Mose Whipple had lifted his head in apprehensive inquiry at the sound of the footsteps outside the door of the cabin. He sprang to his feet when the sharp knock on the door followed. Holding a hand downward with outspread fingers as a warning to silence, he tiptoed out to the middle of the room, then paused and listened.

The knock came again, bolder and more peremptory still.

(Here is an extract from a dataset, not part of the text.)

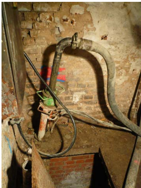
▲ Injection du mortier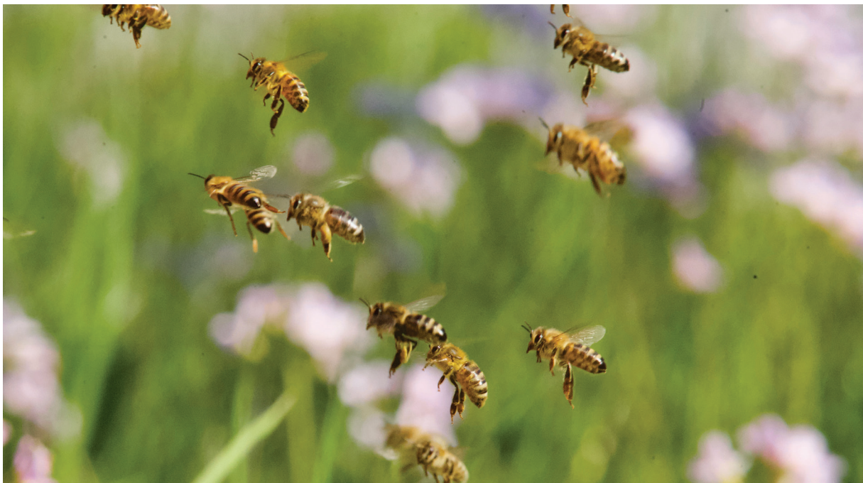
Bier på veg inn i bikuba med pollen og nektar.

Vague notions of resistance were shaping themselves in Mose's mind. He glanced up at the shot-gun hanging on the chimney behind the stovepipe, and in another instant had it down, with his thumb on the hammer.

"Loaded?" he asked in a whisper, testing the percussion-cap with his nail.

The old man nodded. Then he, too, laboriously rose to his feet. Bent as his form was, he stood a taller man than his son. He rested one hand on the table for support, and stretched out the other with a masterful gesture.

"Gimme that Gun!"

"Gimme that gun!" he said, in brusque command. Then covering Mose from head to foot, he added, slowly, "I'd ruther have starved a hundred times over than had you do this sort o' thing!"

Mose had sheepishly laid the weapon on the table. He walked now with a sullen air to the door, lifted the hook, and put his hand on the latch.

"Let me in out of the cold, can't ye?" a shrill voice complained outside. "It's only me, you gump!"